# I am an abuser



## PrivateGaeta12 (Jul 1, 2011)

Hi, Im 25 years old and new to this site.


3 years ago i met the most wonderful woman in the world. She was so special to me and made me so happy.

She had been through some sexual trauma in her life, and she also has alot of issues with pornography. She is very afraid of being used by men.


Well, after the initial honeymoon period, my abusive tendencies would come out.

Whenever she would speak of her past i would call her a ***** and try to control the argument by degrading and disrespecting her.

Well, in december she decided that she needed a break.

Things were okay for about 2 months until she acted as if she wanted me back, but she said that she was not ready. I flipped out, called her a *****, told her that i was sick of her body and that she was simply a sex object to me. 

She forgave me for this, but she did not take me back. 

About 1 month ago, she contacted me again to tell me that she missed me. But this time i went ballistic.

I told her that she was a *****, that i got sick of her and looked at pornography during our relationship. And i told her that i showed her private pictures to my friends.

Honestly, i jsut wanted to hurt her. I was not in posession of her intimate pictures anymore, but i knew that i could break her heart if i said that.

I feel like a monster. Everything that i did to her falls into the exact definition of abuse.

I know that i am an emotional abuser. 

I have sought out help from various websites, but the resources for abusers are very little.
People often criticize me and harangue me. They are angry at me for being an abuser.


I Just want to get a hold of my anger. I know that i will never see my love again. 

But i also know that i do not want to hurt the next woman in my life in a similar way.


I feel as if the only way i can atone for my behavior is if i truly make an effort to change. 

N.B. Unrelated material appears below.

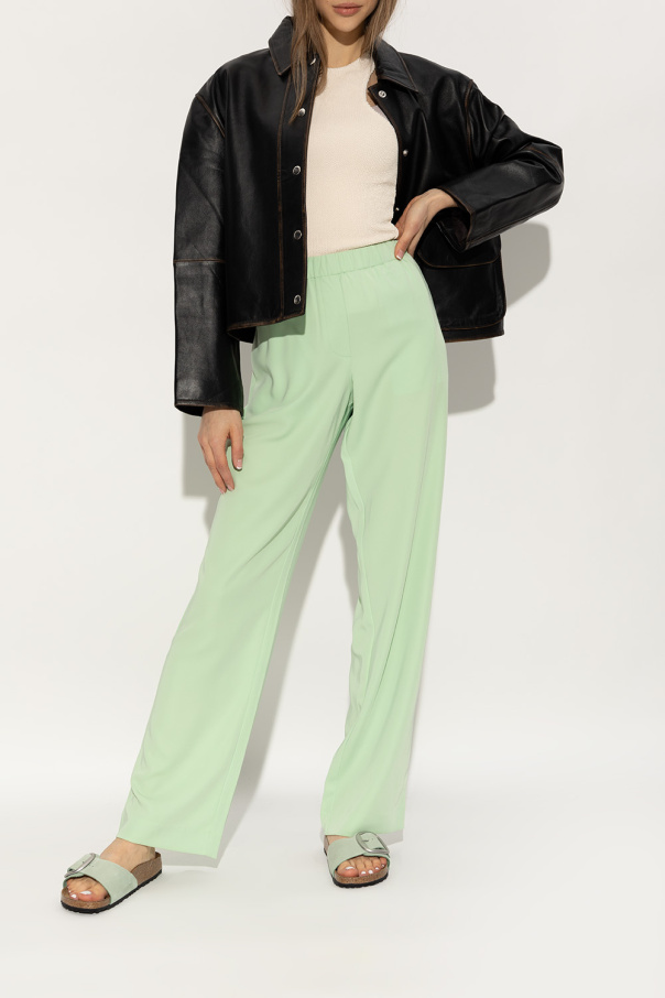 Light green ‘Arizona Big Buckle’ slides from Birkenstock. Made of nubuck, this pair features adjustable buckle straps, an embossed logo on the side, anatomically shaped latex-cork footbed and black EVA foam sole.

I dont think that i will ever be able to take away the hurt from her.

I feel so horrible, i loved her so much, and i really do wish that i could turn back time.


I dont know what to do. I live with my parents, in an environment that can be quite verbally abusive (arranged marriage) 

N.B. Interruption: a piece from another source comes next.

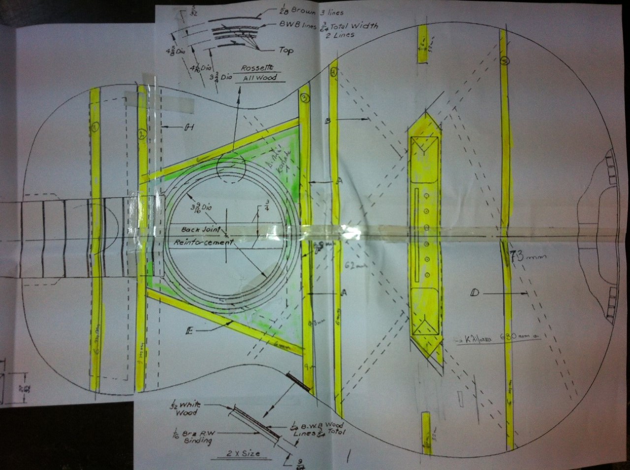 Στο σχέδιο φαίνεται το  αρχικό καμάρωμα της Μάρτιν και με κίτρινο υπογραμμισμένο το καμάρωμα όπως το σχεδίασα για ρεμπετοκιθάρα. Η αλήθεια είναι πως στο μήκος η κιθάρα βηγήκε περίπου 1,5 εκατοστό πιο μικρή κατα μήκος σε σχέση με το αρχικό σχέδιο λόγω κάποιων μικρομετατροπών και αβλεψιών που έκανα στο καλούπι. Παρόλ'αυτά κράτησα την αρχική κλίμακα 630 χιλιοστά με κάποιες μικροαλλαγές στο σχήμα.

I dont know what to do. I dont know if i can ever change. I dont want to have hate inside me. I am so lost and confused, and would greatly appreciate some advice.


----------



## wunderbar (May 30, 2011)

The first step toward healing is admitting you have a problem, hitting rock bottom so to speak, and then getting help. Do you have the ability (resources, etc) to see a counselor? A spiritual adviser may also be very helpful to turn to for advice. 

The most important thing to get out of counseling is understand the cycle. What triggers you to hurt someone? Usually anger comes form hurt, pain that the person does not want to acknowledge. The anger could be from thinking that what that person said devalues you or from something in the past. Some unresolved hurt that you take out on this person. 

Once you can identify what causes you to act out, then you can try to modify the behavior. The next time someone hurts you, you can admit how much it hurts rather than get angry. Or you can replay, in your head, the incident that causes you pain (her leaving you, for example) until it no longer hurts when you think about it, thus relieving the anger that used to be there.

Mainly its about finding other, healthier outlets for your frustrations, anger so that you don't take it out on people you love.


----------



## Kauaiguy (May 8, 2011)

I think that EVERYONE have it in themselves the ability to change if they TRULY want to. It's like an addiction to cigarettes, alcohol and drugs, and when people tell me they can't quit, I know better.

*BEEN THERE, DONE THAT!*

I was raised by a very strict and abusive step father. A friend and I found a bicycle once and I took it home. It turned out that it belonged to one of the neighborhood kids and he told my stepfather that I stole it.

I was asleep on a lawn chair in the back yard and my stepfather and the kid came in, and before I knew what was happening, my stepfather punched me in the mouth. NEVER even asked anything about the bike.

I swore from that day on that I would NEVER be like him. That was when I was 12 years old. I am now in my late 60's and to this day, I never turned out like him.

Of course I could have turned out abusive like him and blamed it on how I was raised. But that is a COP OUT!

I drank alcohol from 15 on, but quit when I became legally of age (21) because it wasn't fun anymore. I smoked when I was 9 years old and quit cold turkey in Feb of 2004.

So I know it can be done, but YOU GOTTA WANT IT! Not just wish it. You MUST remain focused on your own behavior and MUST curtail the sudden anger.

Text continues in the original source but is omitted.